Another competitive advantage of XTBG that attracted Nakamura is the adequate financial support provided by the Chinese government for advanced research with state-of-the-art facilities and the involvement of institutes such as CAS. The facilities include the canopy cranes, which are used in forested areas to access the canopy layer of trees. There are less than 20 of the cranes in the world, and half of them are in China.

"Even though I'm not working on rocket science or some other cutting-edge high-end industry, I still get support from the government. You can see that China really cares about basic science and its commitment to protecting biodiversity," said Nakamura.

The importance of studying insects

"It's a natural reaction of people to be afraid of something they don't know, so one of my goals is to educate people about the important roles of insects that they play in the whole ecosystem," said Nakamura, noting that more than 90 percent of the insects that may exist in the world have not yet been named. He often invites elementary school students to the lab and shows them the beauty of these insects. This often sparks their curiosity and takes away the fear of bugs.

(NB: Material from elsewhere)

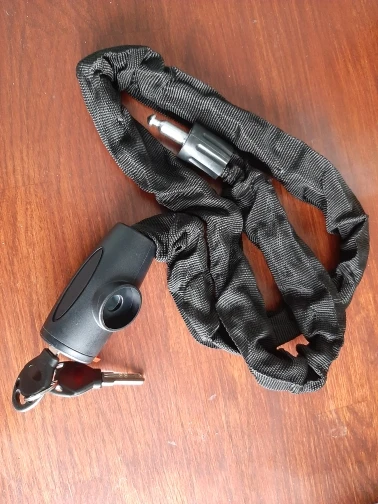 Цепь выглядит хорошо, я надеюсь, что она сопротивляется разрезу ножниц и не украдена мой велосипед. Есть пластиковые детали, кажется, устойчивы, цепь выложена тканью, а внутри все сделано из стали. Груз прибыл примерно через 2 недели, очень быстро и продавец рекомендовал.

He gave the example of ants. One might be afraid of ants or find them quite annoying, but if you think about it, ants always pick up the pieces of cookies that people accidentally drop on the floor, so they pick up waste. "That is the important ecological service role that these insects play, cleaning up the organic waste in nature," he said, adding that a study conducted in Malaysia found that more than 50 percent of the waste in the forest was cleaned up by ants.

Biodiversity doesn't stop at borders

Speaking about research work in China, Nakamura believes that international cooperation in biodiversity research is a unique advantage of XTBG. Foreign researchers and international students from more than 30 countries and regions have joined forces to provide intellectual support for the cause of biodiversity conservation.

"My team is truly international, with researchers from 10 countries, including Laos, Thailand, the Philippines, Nepal, Sri Lanka and other countries," he said, adding that international cooperation can enable researchers from different countries to share research results and provide an international perspective for ecological protection of the whole region.

A number of memoranda of understanding were signed between XTBG and other research institutes from Japan, Thailand, the Czech Republic and other regions and countries. China has also established joint border protection areas with neighboring countries in Xishuangbanna. At present, the China-Laos border area has established a green ecological corridor on the China-Laos border, covering an area of about 200,000 hectares.

"I don't think I can do my work anywhere else outside of China, as XTBG is the right choice for me," said Nakamura. In 2019, he received the Caiyun Award, established by the Yunnan provincial government to recognize foreign professionals who have made outstanding contributions to local economic and social development.